INFORMATION SHOWN:
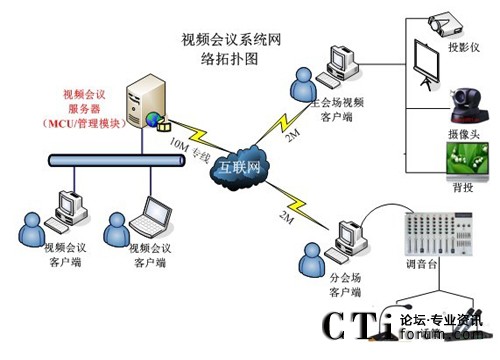 根據(jù)河南送變電建設(shè)公司的網(wǎng)絡(luò)現(xiàn)狀和現(xiàn)有的IT硬件資源以及各級各部門間的溝通協(xié)作需要,視維設(shè)計了一套可行的視頻會議系統(tǒng)解決方案,其網(wǎng)絡(luò)拓撲圖如下:
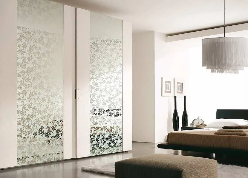 Это способ декора зеркальных и стеклянных поверхностей матовым рисунком. Шкаф-купе в спальне с фасадом, украшенным по этой методике, станет колоритным элементом и сделает комнату нарядной и свежей. Рисунок наносится по стандартным или лично разработанным трафаретам, так что при желании можете попробовать воплотить свои фантазии в реальность.
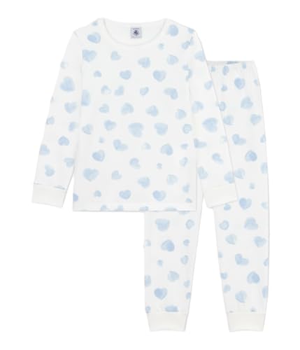 Petit Bateau Hjärttryck fleece barn pyjamas, Marshmallow/Terkuit, 6 �r
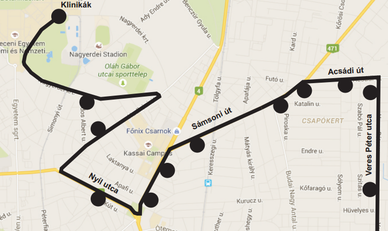 Klinikák ideiglenes forduló – Nagyerdei körút – Hadházi út – Nyíl utca – Árpád tér – Kassai út – Sámsoni út – Acsádi út – Veress Péter utca – Vámospércsi út – Hétvezér utca – Diószegi út – Borzán Gáspár utca – Monostorpályi út – Mikepércsi út – Nagyállomás
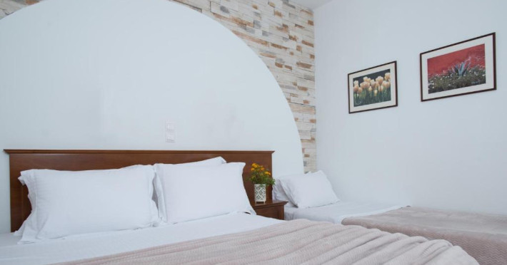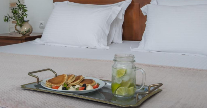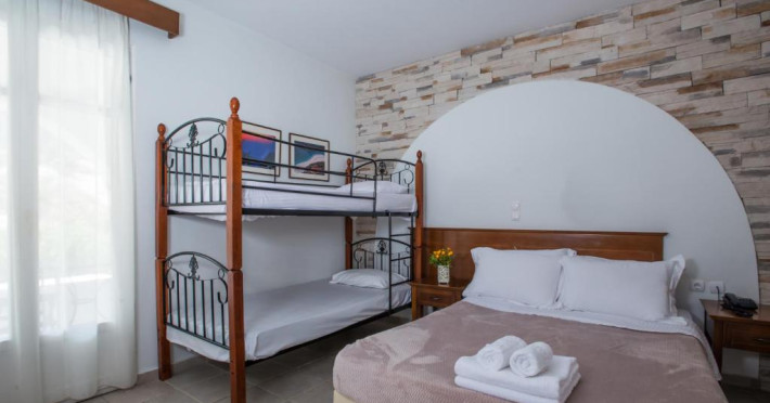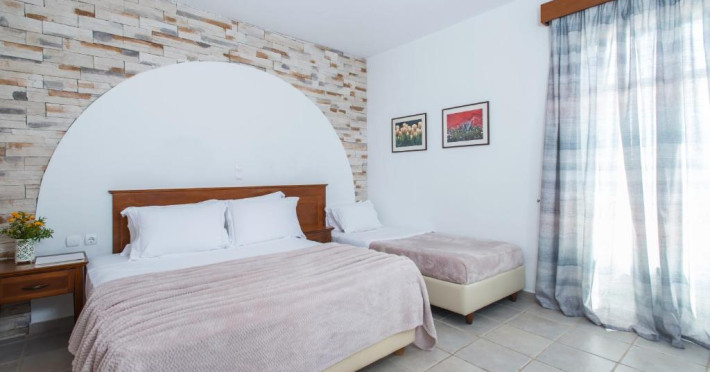 În camere există baie cu cadă sau duș prevăzută cu foehn. Camerele de la Naxos Palace au în dotare aer condiționat și Tv. Curățenia in cameră se face zilnic.
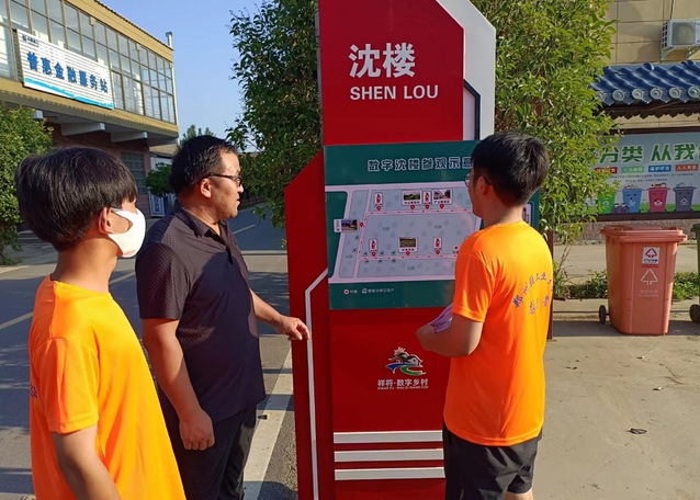 乡村振兴,生态宜居是关键。14日下午实践团队队员们来到沈楼村。实践团首先通过参观走访了解沈楼村近年来的基础设施建设情况,对沈楼村近年来新旧面貌变化、村民生活质量提高程度、乡村振兴产业具体成效以及在党的带领下村民如何脱贫致富、奔向小康进行充分的了解。
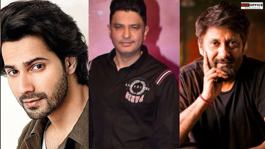 ފިލްމު ޑައިރެކްޓަރު ވިވެކް އަގްނިހޯތުރީ، ޕްރޮޑިއުސަރު ބުޝަން ކުމާރު އަދި އެކްޓަރު ވަރުން ދަވަން--ފޮޓޯ/މިޑްޑޭ
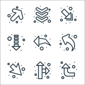 ikony linii interfejsu. zestaw liniowy. zestaw linii wektorowych jakości, takich jak ustawienie, w górę po lewej stronie, równowaga
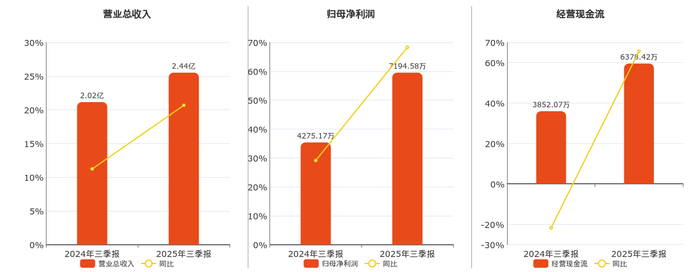 公司营业总收入为2.44亿元。归母净利润为7194.58万元。经营活动现金净流入为6378.42万元。
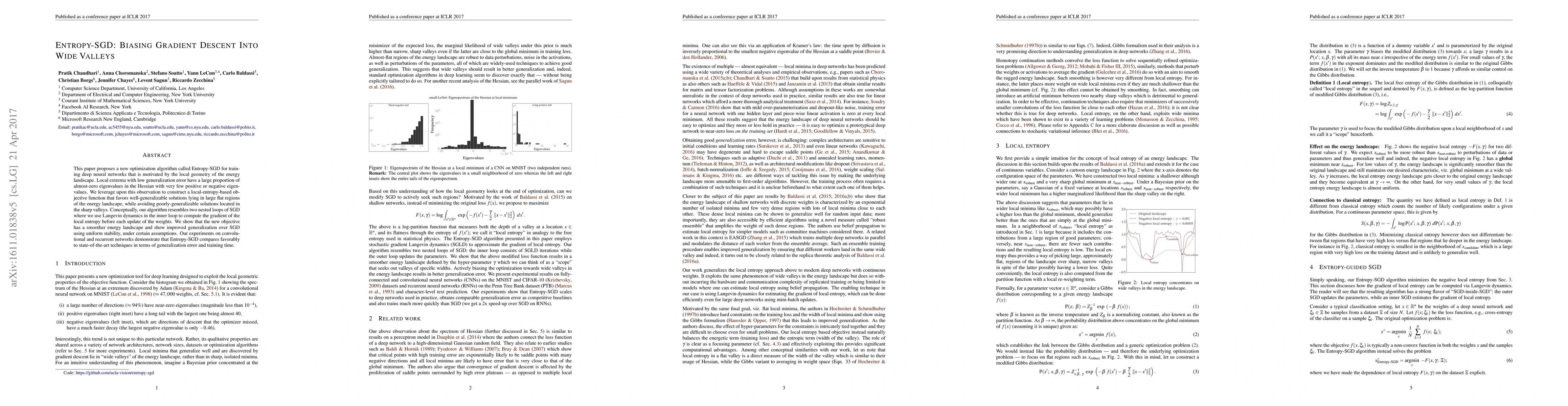 Entropy-SGD is a novel optimization algorithm designed to enhance the training of deep neural networks by favoring solutions in wide, flat regions of the energy landscape, thereby improving generalization. The method employs a local-entropy-based objective function and nested SGD loops, showing improved generalization and performance compared to standard SGD.
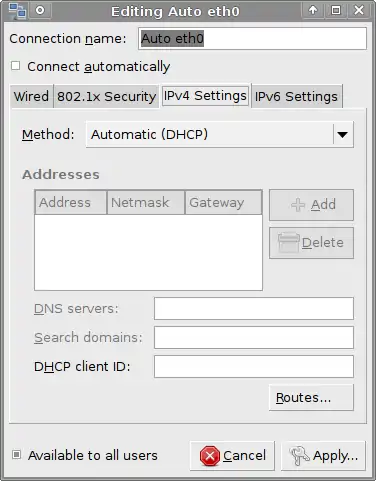 Wired Connection using Network Manager applet
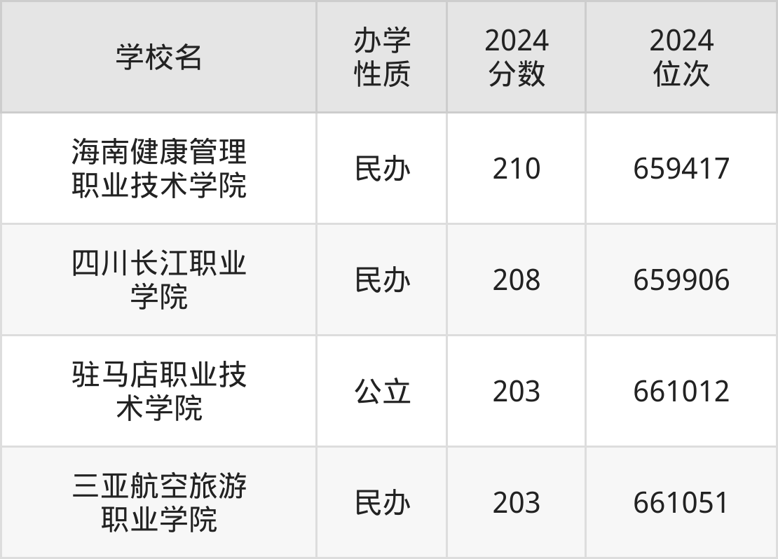 | 海南健康管理 职业技术学院 | 210 | 659417 |
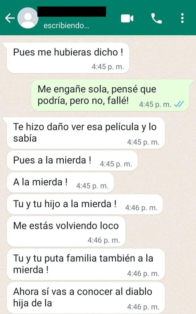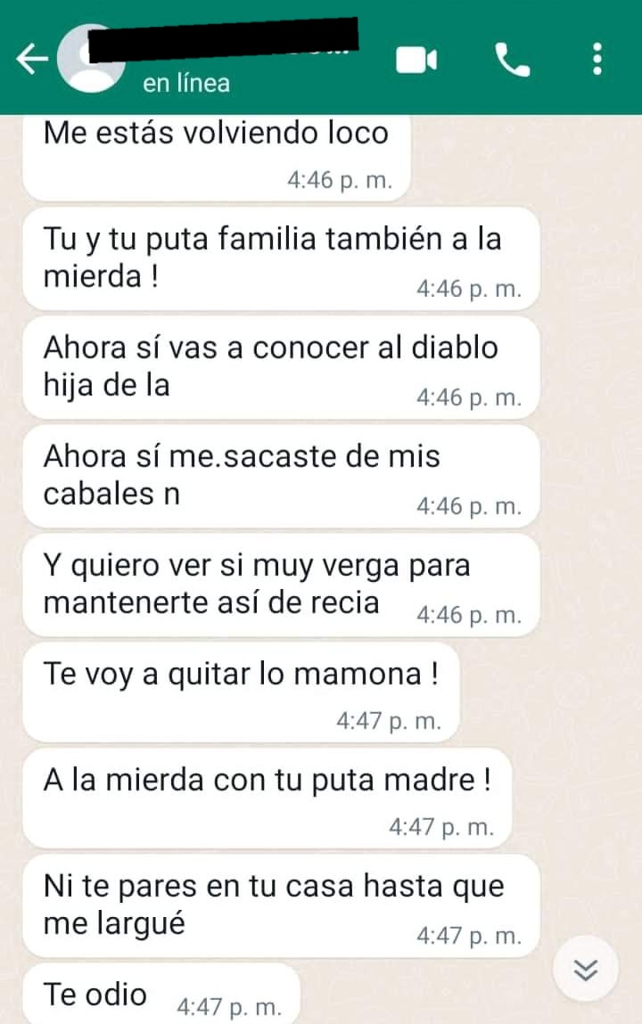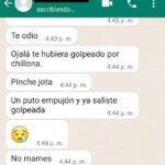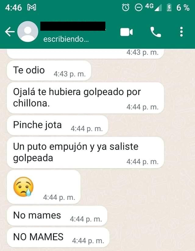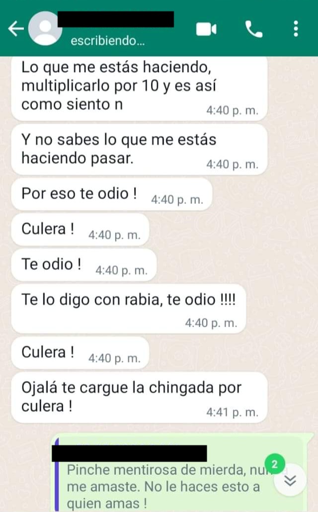 En entrevista mostró un video de cómo la ahorca con ambas manos, audios dónde se escucha que la quiere matar: “Quiero matarte, juro que me las vas a pagar, a nadie había odiado tanto en mi vida, no voy a descansar hasta chingarte, sin meterme en pedos chinga tu madre perra”, además de incontables mensajes de whatsapp donde le dice que la odia.
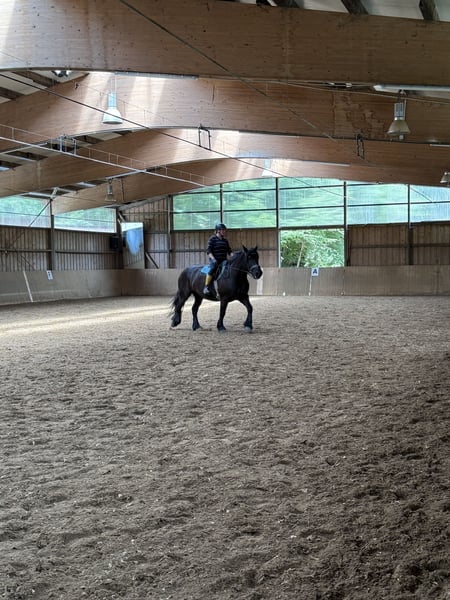 Geboren 28.04.2017, Rappe, Equidenpass vorhanden Aktuell barhuf, vorne aktuell leicht fühlig, nicht beschlagen, da Hufschmied aussetzen von 2 bis 3 Beschlagsrunden vorgeschlagen hat und bei aktuellem Weg von Paddock zum Stall und umgekehrt kein Beschlagen notwendig ist. Ursprünglich zweifach beschlagen, Hufeisen noch vorhanden. Sehr liebe und gutmütige Stute, verträgt sich gut mit anderen, Schmiede und verladefromm, ehemaliges Schulpferd
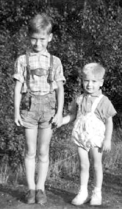 Age 3 years was a common age for wearing rompers. Thus us the age that separates toddlers from pre-school children. Here we see two German brothers were photographed in 1959. The older boy wears lederhosen and his younger brother a romper suit (figure 1). The boys look to be about 7 and 3 years old. The ages of boys wearing rompers have changed over time. They were still worn in the 1950s. They were still being worn by German boys in the 1960s, but the age seems to have steadily declined beginning in the 1960s. Usually the ages we specify are only estimates based on how old the chidren look. Very few of the snapshots we have found specify ages.
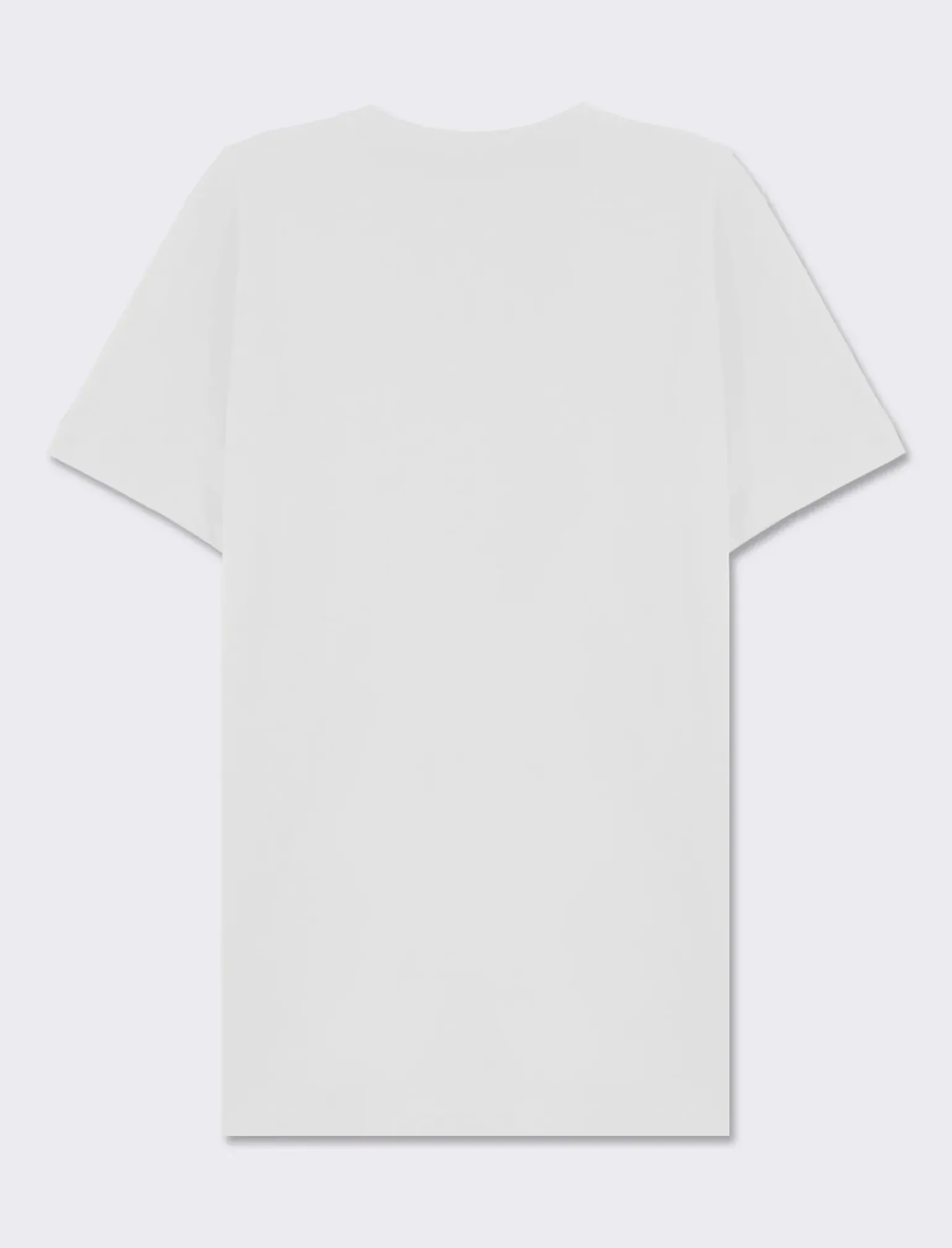 T-shirt girocollo in morbido jersey di cotone, perfetta per un look casual e trendy. Le maniche corte e il taglio regularfit assicurano comfort e libertà di movimento. La stampa a contrasto sul davanti, con effetto crack e ispirazione college, aggiunge un tocco di originalità al tuo outfit. Il prodotto è di colore Bianco

REQUIRED ACTION:
I'd like the lines above repeated exactly, from the one that contains "公司营业总收入为2.44亿元" through the one that contains "210 | 659417 |", with no pictures.

PROBLEM SOLUTION:
 公司营业总收入为2.44亿元。归母净利润为7194.58万元。经营活动现金净流入为6378.42万元。
 Entropy-SGD is a novel optimization algorithm designed to enhance the training of deep neural networks by favoring solutions in wide, flat regions of the energy landscape, thereby improving generalization. The method employs a local-entropy-based objective function and nested SGD loops, showing improved generalization and performance compared to standard SGD.
 Wired Connection using Network Manager applet
 | 海南健康管理 职业技术学院 | 210 | 659417 |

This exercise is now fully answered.